Le téléphone sonne à l’aube

14 mai 1999

Ma première petite fille, Gabrielle Judith Bernadette est née, le premier enfant de Lionel, dorénavant devenu un père heureux et responsable. C’est bien passé et elle a trois kilos et demi. Gabrielle est née à trois heures de matin (au milieu de la nuit) et nous allons les visiter cet après‑midi. Lionel m’a appelé tout fier à 4 heures pour m’annoncer la naissance de sa fille.

Le téléphone sonne à quatre heures de matin. Brrr… brrr.

Je me réveille, François bouge lui aussi.

Je trouve à tâtons le combiné : c’est mon fils.

J’entends, encore endormie la voix de Lionel :

— Elle est née !
Il ajoute : Gabrielle Judith Bernadette est née, il y a une heure ! Sa voix est pleine de fierté.

— Bravo ! Annelise, ça va ? C’est bien passé ?

— C’était long, mais elle va bien. Et Gabrielle a trois kilos et demi.

— Merci !

— Alors, cet après-midi à la place de venir chez nous, vous venez à l’hôpital.
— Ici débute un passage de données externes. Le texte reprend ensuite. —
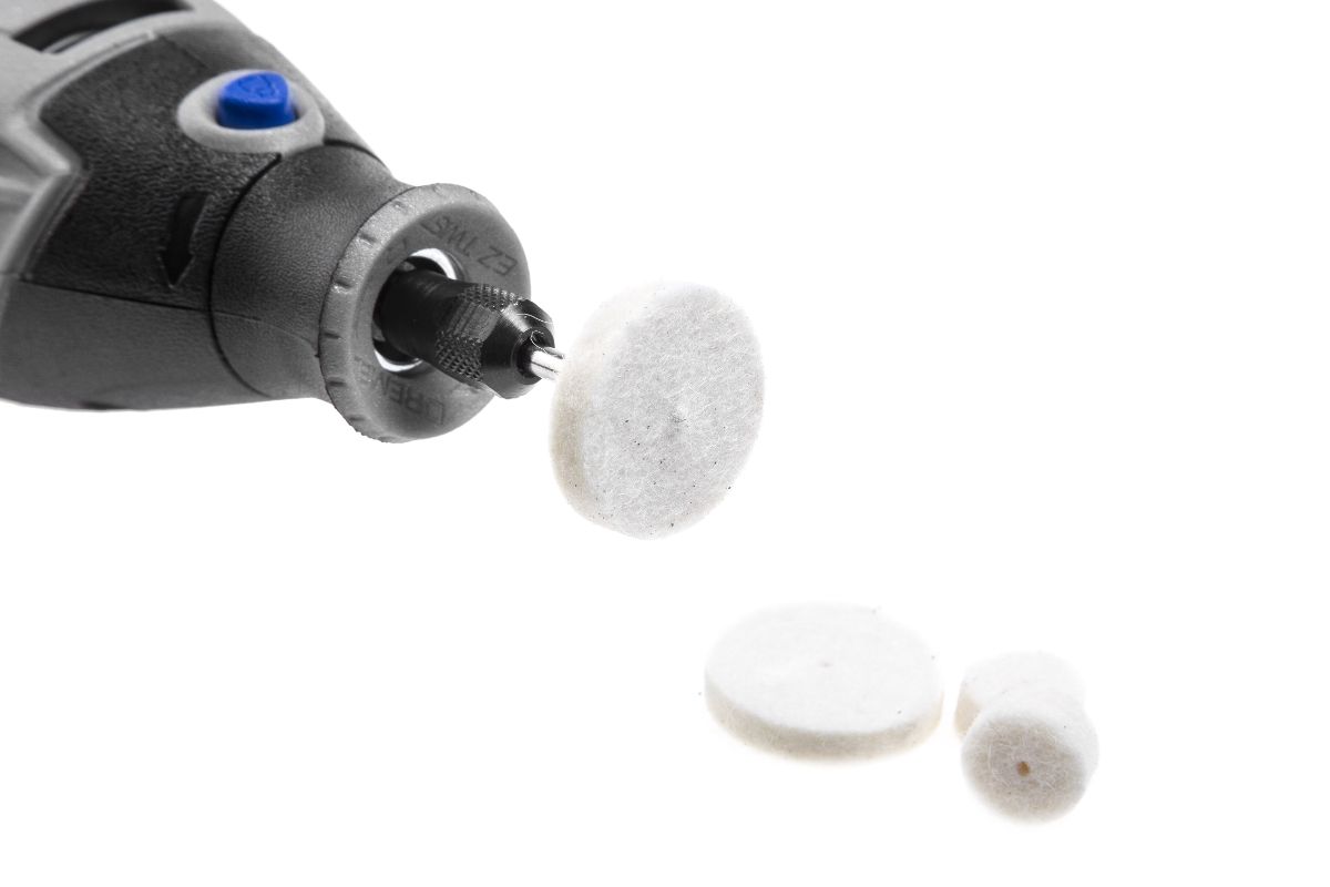 4 полировальных круга (диаметр — 13 и 26 мм) для обработки металла и пластмассы. Используются для полировки тонкого слоя дерева, монет, листового металла.

Je dors maintenant un peu et quand je me réveillerai, je t’explique comment y aller.

François à côté de moi bouge, il s’est réveillé tout à fait.

- François ! Elle est née ! Il y a une heure. On va les voir cet après-midi.

- Où ? Quand ?

- Lionel appellera quand il se réveillera. Il est épuisé, lui aussi. Bon, dormons encore.
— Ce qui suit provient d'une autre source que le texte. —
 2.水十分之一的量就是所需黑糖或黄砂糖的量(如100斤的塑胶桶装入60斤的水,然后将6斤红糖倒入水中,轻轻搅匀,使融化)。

Mais François a perdu son sommeil, il rouspète de nouveau.

- On devrait rester seulement une heure cet après-midi chez eux, puis aller à Guigne, j’ai un rendez-vous là à cinq heures pour voir l’orgue nouveau.

- On aura tout le temps. De toute façon, maintenant c’est la petite Gabrielle qui est la plus importante. La naissance. On a un nouveau petit enfant ! Ma première petite fille ! Le premier enfant de Lionel !

Nous avons déjà des petites filles, côté François, mais aujourd’hui, je les ai oubliées. Pourtant je les aime, elles aussi. Mais celle-ci est le premier de mon fils, mon petit. Petit ? Il a déjà trente-deux ans !

- Oui, mais j’ai rendez-vous. Quand va-t-il rappeler ? Quand ira-t-on les voir ?

- Quand mon fils se réveillera.

Maintenant François est tout à fait réveillé, lui. Il commence me parler d’informatique, de ses projets, du livre qu’il projette, de ses formations pour l’année prochaine.

C’est déjà cinq heures de matin. Je l’entends à travers un brouillard. Je songe à mon fils, devenu père, responsable. En charge de la situation.

J’ai toujours cru en lui, même quand j’ai découvert qu’il était entrainé sur une pente glissant par un copain d’école, même quand il ne réussissait pas à passer ses examens. François disait, il y a dix ans, «Il y a rien à faire ! Il a trop de retard» mais Lionel a comblé ce retard et François l’a d’ailleurs fortement aidé. Et mon amie Alina. Puis les femmes autour de lui, surtout Annelise, sa compagne depuis cinq ans. Maintenant, ils forment un couple. Ils ont enfin de jobs intéressants, on les paye bien, plus que j’étais payée à mon dernier boulot. Mon cœur est rempli de joie. Mes enfants sont sur une de bonne voie.

François me parle encore de Sun et le système qu’il avait breveté, il y a trente ans, qui était le même que Sun sortira bientôt. Je n’ai plus la force de l’écouter.

- S’il te plait, viens près de moi, dormons encore un peu. Arrête de parler, je n’arrive plus à te suivre.

- Trop tard. Je me suis réveillé, ça tourne dans ma tête.

- Arrête le moteur pour encore trois heures.

- Je ne peux plus. On m’a réveillé. Je vais travailler, écrire.

Heureusement, nous avons installé depuis un mois le Mac de Lionel dans le salon. Il nous l’a prêté pour faire place au lit de bébé à venir, transformer un de leur deux pièces en «chambre à Gabrielle.» Sinon, François se mettra à travailler sur son PC qui est sur la table, tout près de lit et je ne pourrais dormir.

Tape, tape, le clavier est pourtant doux, mais de temps en temps, il tape dessus presque avec fureur. Avec énergie et détermination. «C’est IBM qui veut qu’on entend taper sur le clavier, m’a-t-il dit.

François s’est levé et je peux enfin me rendormir. Avec sourire, heureuse d’être grand-mère de nouveau. Agnès a déjà trois garçons, mais c’est la première petite fille, le premier de Lionel, mon petit garçon qui a enfin grandi. Il a fini ses études, a trouvé un bon travail et maintenant il est devenu père.